• Problem description:
Restate all the lines below word for word, but omit the pictures.

• Data excerpt:
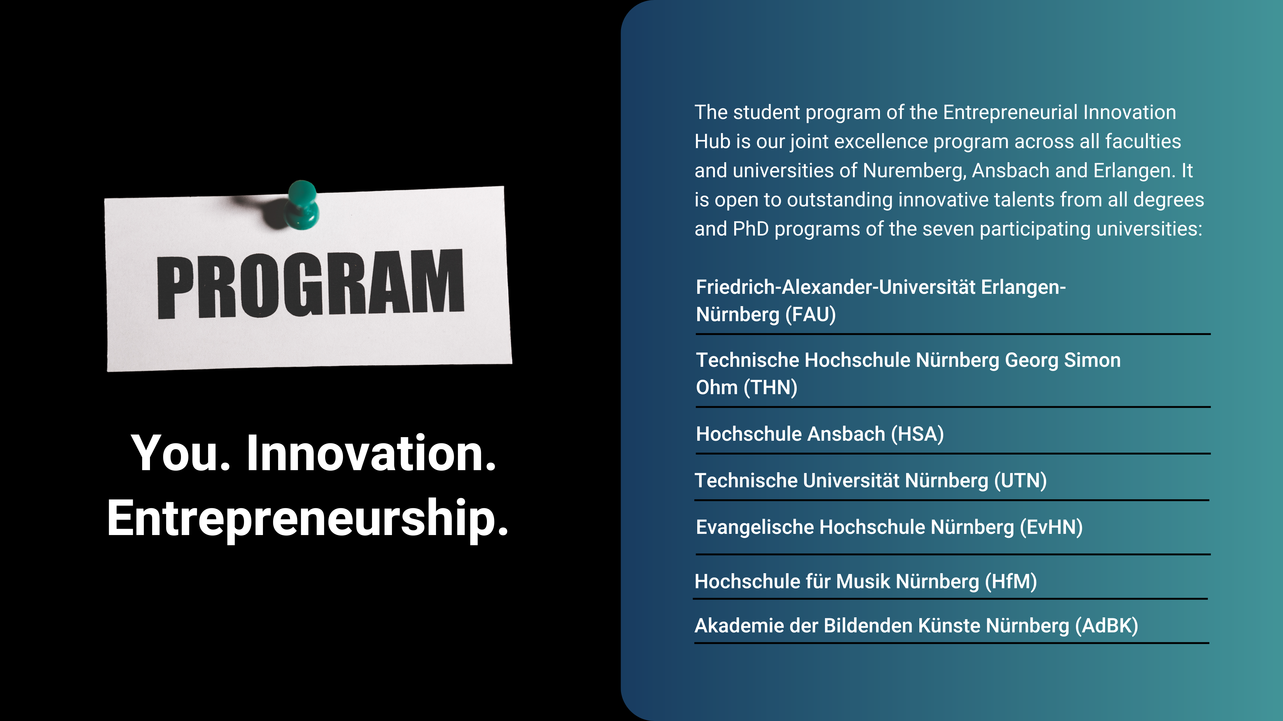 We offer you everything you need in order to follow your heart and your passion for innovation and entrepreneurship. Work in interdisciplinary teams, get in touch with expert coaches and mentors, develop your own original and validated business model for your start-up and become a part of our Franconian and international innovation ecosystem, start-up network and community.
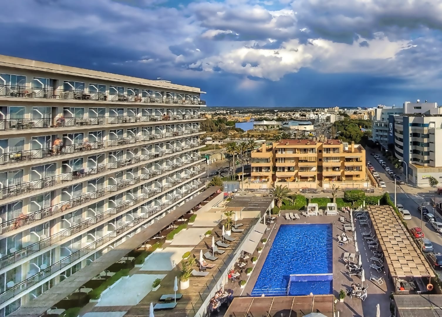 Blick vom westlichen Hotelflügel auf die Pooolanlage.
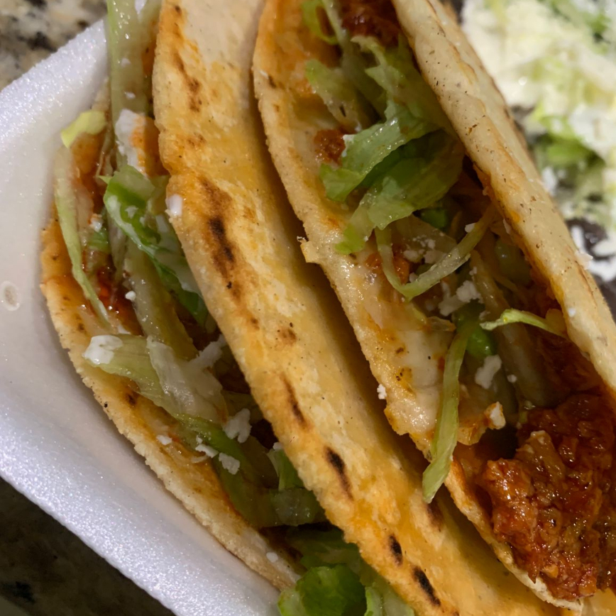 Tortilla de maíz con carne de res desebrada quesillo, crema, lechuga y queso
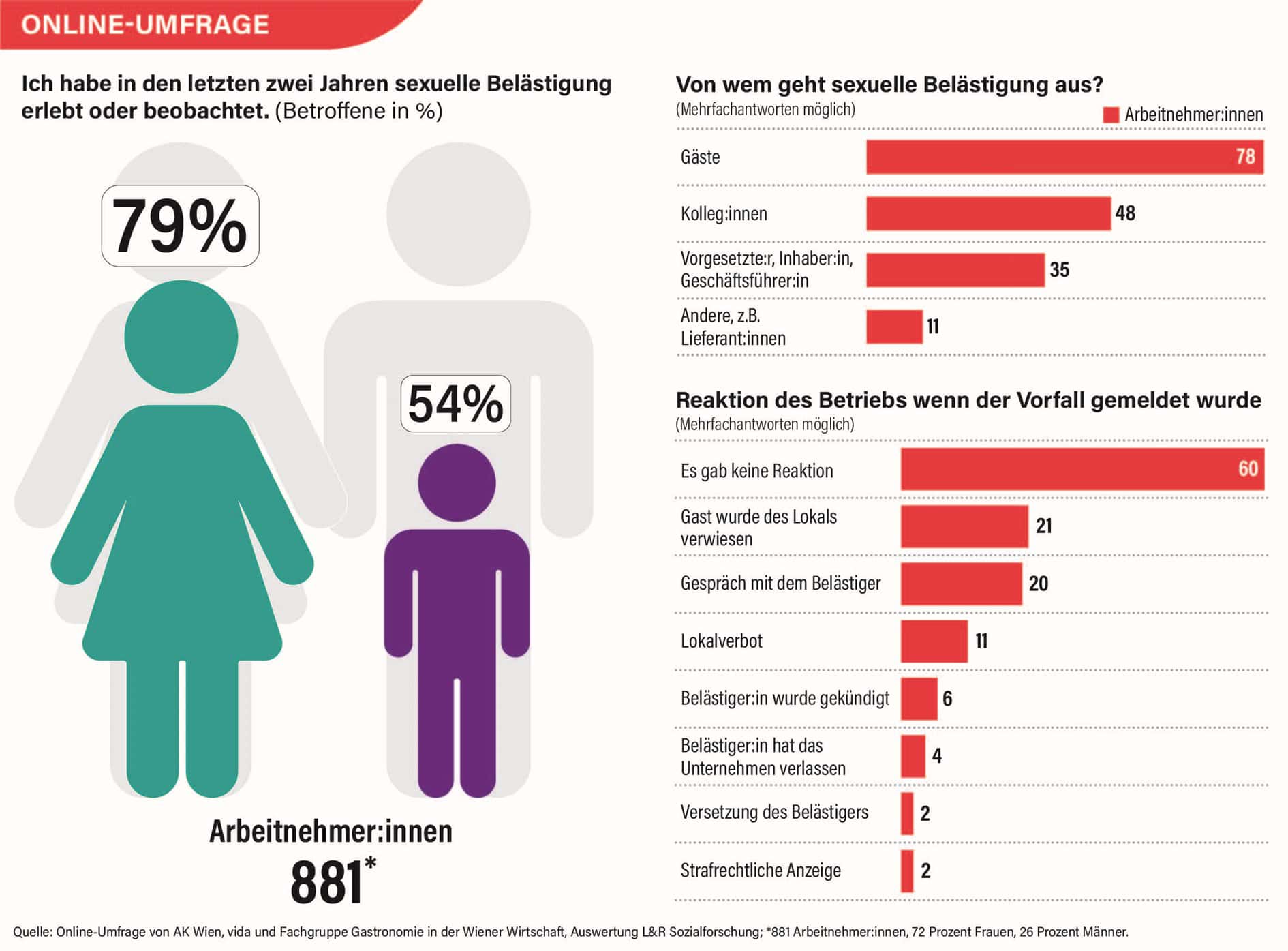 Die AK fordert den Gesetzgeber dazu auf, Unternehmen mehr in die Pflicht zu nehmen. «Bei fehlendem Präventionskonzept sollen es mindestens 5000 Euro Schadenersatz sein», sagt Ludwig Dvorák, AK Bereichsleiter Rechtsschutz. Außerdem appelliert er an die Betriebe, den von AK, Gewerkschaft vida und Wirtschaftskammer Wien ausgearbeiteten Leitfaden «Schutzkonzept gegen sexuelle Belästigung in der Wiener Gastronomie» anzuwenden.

• Response area:
 We offer you everything you need in order to follow your heart and your passion for innovation and entrepreneurship. Work in interdisciplinary teams, get in touch with expert coaches and mentors, develop your own original and validated business model for your start-up and become a part of our Franconian and international innovation ecosystem, start-up network and community.
 Blick vom westlichen Hotelflügel auf die Pooolanlage.
 Tortilla de maíz con carne de res desebrada quesillo, crema, lechuga y queso
 Die AK fordert den Gesetzgeber dazu auf, Unternehmen mehr in die Pflicht zu nehmen. «Bei fehlendem Präventionskonzept sollen es mindestens 5000 Euro Schadenersatz sein», sagt Ludwig Dvorák, AK Bereichsleiter Rechtsschutz. Außerdem appelliert er an die Betriebe, den von AK, Gewerkschaft vida und Wirtschaftskammer Wien ausgearbeiteten Leitfaden «Schutzkonzept gegen sexuelle Belästigung in der Wiener Gastronomie» anzuwenden.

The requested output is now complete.